Circadian Rhythms of Granzyme B, Perforin, IFN-γ, and NK Cell Cytolytic Activity in the Spleen: Effects of Chronic Ethanol¹

Circadian rhythms describe biological phenomena that oscillate within a 24-h cycle. These rhythms provide a temporal frame necessary for adequate homeostasis. By anticipating both environmental and internal changes, cells (and organisms) can efficiently program their physiological tasks. It is believed that peripheral cells are able to adjust their physiology to a circadian rhythm (1). Cellular rhythms are originated by genetic elements (clock genes) organized in autoregulatory transcription-translation feedback loops that form the cellular core oscillator. This oscillating machinery may control the expression of the so-called clock-controlled genes, and, ultimately, generate the circadian rhythms in physiology and behavior (2).

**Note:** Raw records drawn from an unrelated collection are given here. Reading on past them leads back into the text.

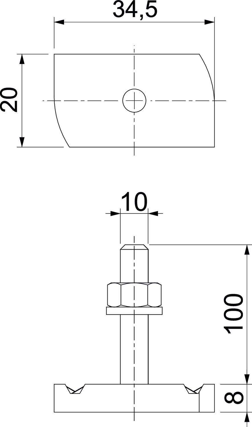 CO2 足迹 (GWP) 从摇篮到大门 0,3114 kg CO2e / 1 件 垫圈直径Ø 20 mm 宽度 20 mm 尺寸 M10x100mm 尺寸 L 100 mm 尺寸H 8 mm 扭矩 16 Nm 材料 钢 螺纹 M 10 x 100 表面 锌板 适用于安装导轨 是 长度 34,5 mm 高度 8 mm - 所有型号
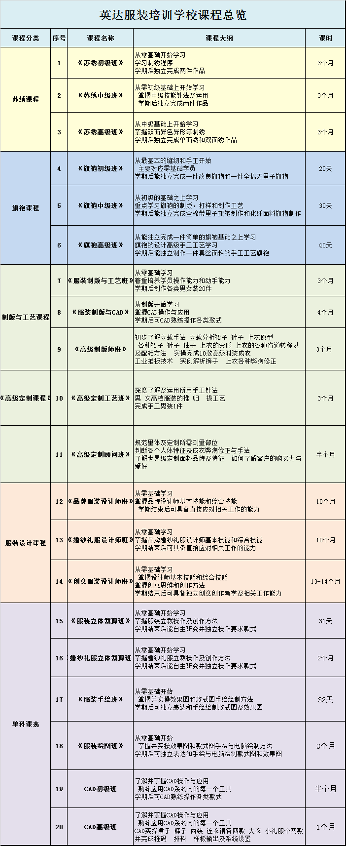 以上内容是关于苏州英达服装技术学校的有关介绍,如果你对苏州苏绣培训,旗袍设计培训,制版与工艺,服装设计,唐装设计培训,服装CAD制版,婚纱礼服设计,汉服设计等培训感兴趣,电话联系我们,了解精彩文章资讯可以关注职业培训栏目,您也可以在线咨询客服。
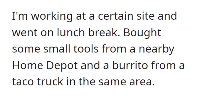 Our protagonist is innocently savoring a burrito just outside the store’s vicinity.
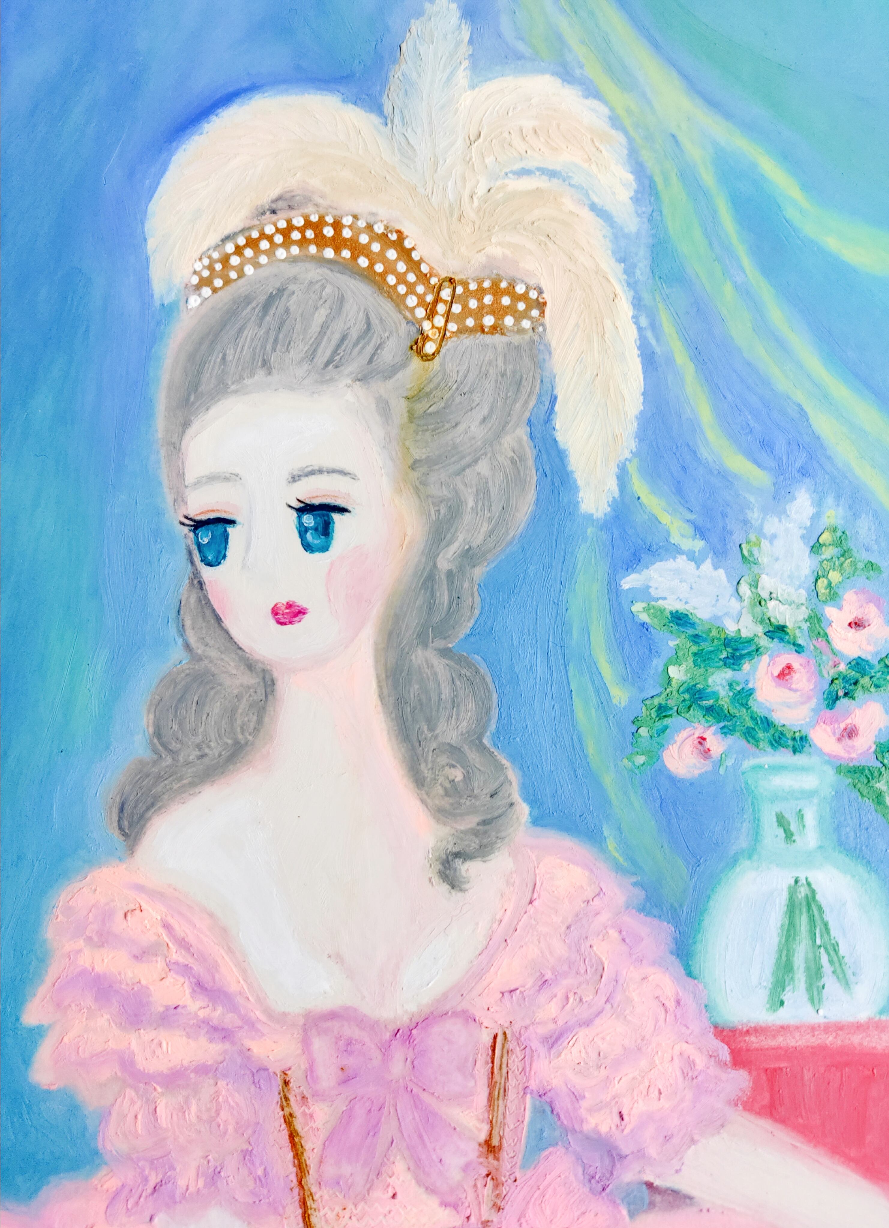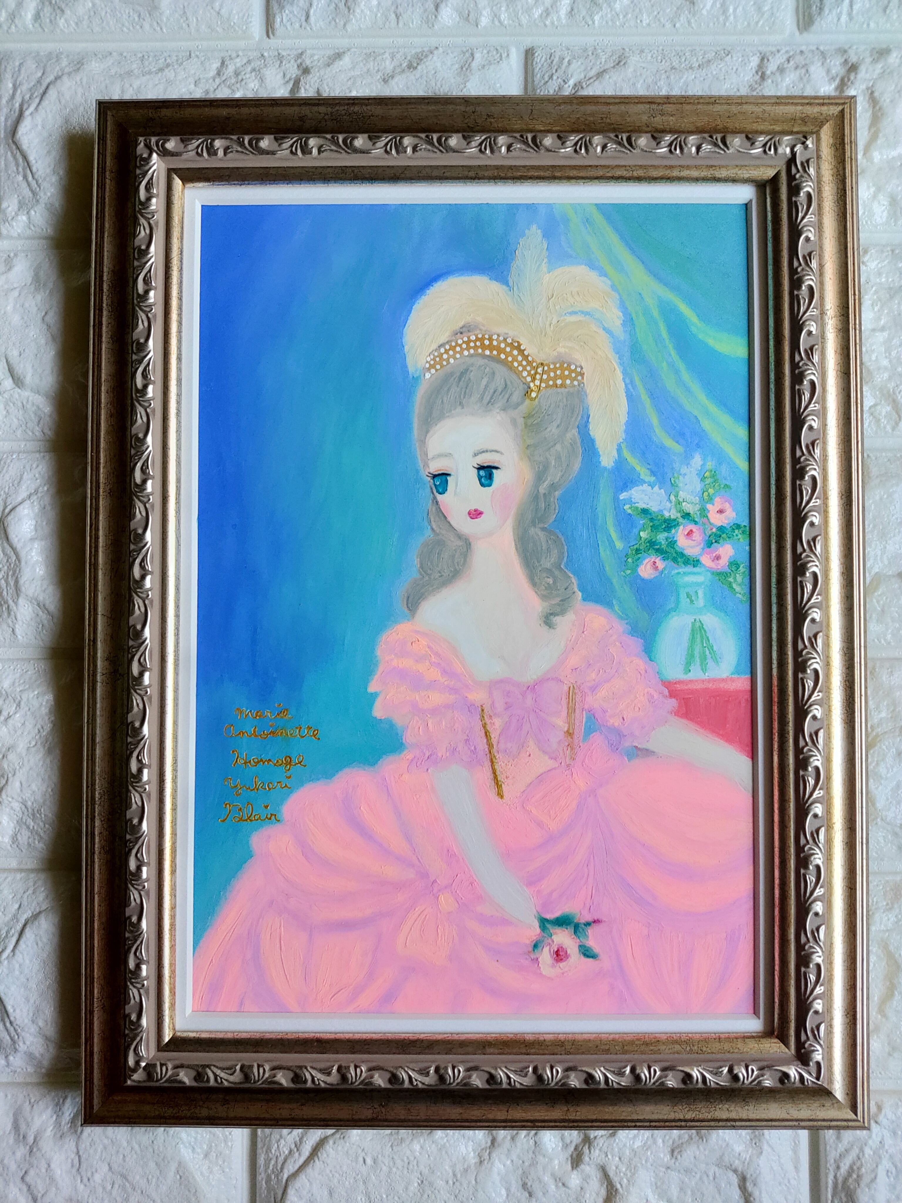 ふんわりと描いた、マリー・アントワネットへのオマージュ作品です。大好きなヴィジェ・ルブラン画伯の優雅で繊細な元絵にインスパイアされ、マリーアントワネットの愛らしさと気品を大切にしながらYukari Blairの感性で描きました。甘く柔らかな色彩と王妃の気品、や少女のような可憐さを感じていただけたら嬉しいです。

In mammals, the suprachiasmatic nucleus (SCN)³ is considered the central pacemaker controlling the circadian rhythms in the body (3). This hypothalamic master clock is entrained by external cues called zeitgebers. The main external zeitgeber is the photic input, coming from the eyes to the SCN through the retinohypothalamic tract, carrying information from the light/dark cycle. However, SCN entrainment can be complemented by internal signals such as melatonin (4). In higher organisms, external cues are unable to reach the peripheral cellular oscillators, so the SCN has to program and coordinate the peripheral clocks through neural and endocrine pathways (5).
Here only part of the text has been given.